╔══
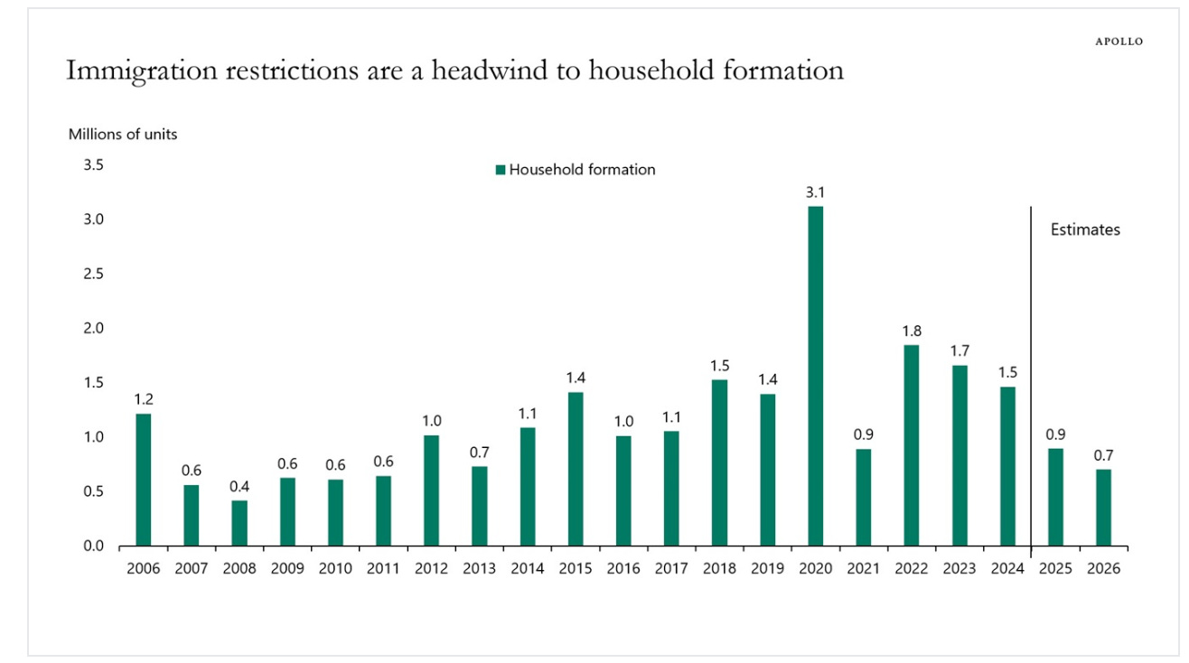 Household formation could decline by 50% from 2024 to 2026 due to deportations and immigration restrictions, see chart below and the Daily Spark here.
╚══
╔══
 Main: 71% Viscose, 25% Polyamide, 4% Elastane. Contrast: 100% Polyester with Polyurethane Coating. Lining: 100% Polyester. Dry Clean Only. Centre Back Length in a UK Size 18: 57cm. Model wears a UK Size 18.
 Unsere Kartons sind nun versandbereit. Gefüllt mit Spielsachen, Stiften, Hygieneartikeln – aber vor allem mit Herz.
╚══
What you should do:
Print exactly the lines above, between the one holding "Main: 71% Viscose, 25%" and the one holding "Unsere Kartons sind", inclusive, and nothing besides.

Worked solution:
 Main: 71% Viscose, 25% Polyamide, 4% Elastane. Contrast: 100% Polyester with Polyurethane Coating. Lining: 100% Polyester. Dry Clean Only. Centre Back Length in a UK Size 18: 57cm. Model wears a UK Size 18.
 Unsere Kartons sind nun versandbereit. Gefüllt mit Spielsachen, Stiften, Hygieneartikeln – aber vor allem mit Herz.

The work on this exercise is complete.